Но утром следующего дня и Аттила увёл свои войска от Каталаунских полей, хотя целый день, сидя за повозками в своём лагере, он как бы демонстрировал силу: бряцал оружием, трубил в рога, угрожал набегом; «он был подобен льву, прижатому охотничьими копьями к пещере и мечущемуся у входа в неё: уже не смея подняться на задние лапы, он всё-таки не перестаёт ужасать окрестности своим рёвом».

Но, увидев, что вестготы, с песнопениями и рыданиями оплакав своего погибшего короля и выбрав нового — Торисмунда, ушли тоже, Аттила снова воздвиг свой лагерь, предполагая некую хитрость со стороны врагов. Но дух великого правителя гуннов уже обретал прежнюю уверенность, и на хитрость Аттила уже готов был ответить хитростью... А ведь раньше, уверовав, что противник прорвёт оборону и наступит вероятность того, что его захотят захватить живым, Аттила приказал из конских седел соорудить костёр, чтобы войти в него и сгореть...

О своих величественных похоронах в трёх гробах он уже и не думал — главное, не попасть в руки врага, а если случится такое, то этот страшный позор падёт на головы и его сыновей, и они не смогут далее управлять своим народом. А гунны как великие племена ещё должны существовать, и многие народы ещё падут перед ними на колени.

Аттила помнит, как тщательно скрывали ото всех позорную гибель от рук женщины Мундзука, отца. Но его сыновьям нечего будет скрывать и стыдиться за отца. Он сам взойдёт в огонь, и пламя нежно обнимет великого воителя и повелителя... Вот тогда-то и станет его самосожжение началом победы всего народа!

Но подвоха со стороны вестготов не произошло: они действительно покинули поле битвы — об этом вскоре сообщили Аттиле разведывательный и заградительный отряды Кучи и Аксу. И тогда повелитель снова поверил в свою могущественную судьбу и, не предпринимая больше никаких сражений, снялся окончательно и повёл своё войско... на Рим.

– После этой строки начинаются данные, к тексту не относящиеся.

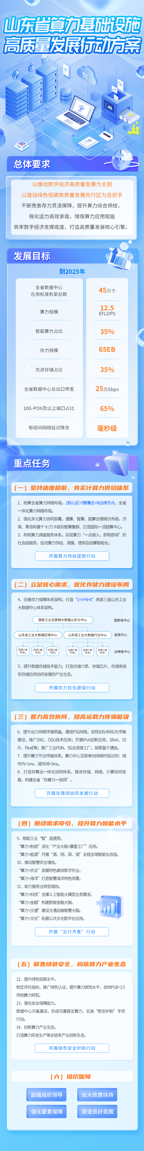 行動方案以推動數(shù)字經(jīng)濟(jì)高質(zhì)量發(fā)展為主題,以建設(shè)綠色低碳高質(zhì)量發(fā)展先行區(qū)為總抓手,通過不斷完善存力靈活保障,提升算力綜合供給,強(qiáng)化運力高效承載,增強(qiáng)算力應(yīng)用賦能,統(tǒng)籌通用算力、智能算力、超級算力協(xié)同計算,大中小城市協(xié)同布局,算力、數(shù)據(jù)、算法協(xié)同應(yīng)用,以筑牢數(shù)字經(jīng)濟(jì)支撐底座,打造高質(zhì)量發(fā)展核心引擎。方案明確了夯實計算力供給體系、優(yōu)化存儲力建設(shè)布局、提高運載力傳輸能級、提升算力賦能水平、構(gòu)筑算力產(chǎn)業(yè)生態(tài)、組織保障等6方面重點任務(wù),部署了算力供給提質(zhì)、存力優(yōu)化提級、存算網(wǎng)協(xié)同發(fā)展、“云行齊魯”、綠色安全護(hù)航等5大行動。
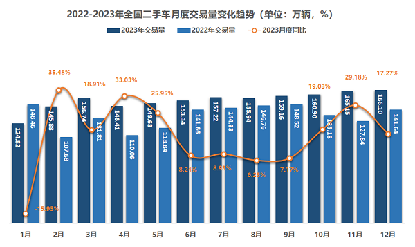 去年12月,全国二手车市场交易量166.1万辆,环比增长0.6%,同比增长17.3%,交易金额为1087.8亿元。其中,新能源二手车交易8.73万辆,环比增长1.2%,同比增长115.0%。

Надеясь опередить Аэция, он хотел первым прийти в Италию и опять потребовать к себе Гонорию с её приданым...

Дорогою Аттила стал подсчитывать свои потери: из его славных полководцев погиб Шуньди. сармат Огинисий, гунн Ислой, сотник Юйби, а славу великого воина приобрёл Андагис... Он и стат тысячником по велению повелителя вместо Чендрула, а сам Чендрул принял Тюмень погибшего Ислоя.

Хэсу тоже за свою храбрость был отмечен: получил в награду сотню Юйби, всех его жён в придачу и ещё одну железную свистящую стрелу.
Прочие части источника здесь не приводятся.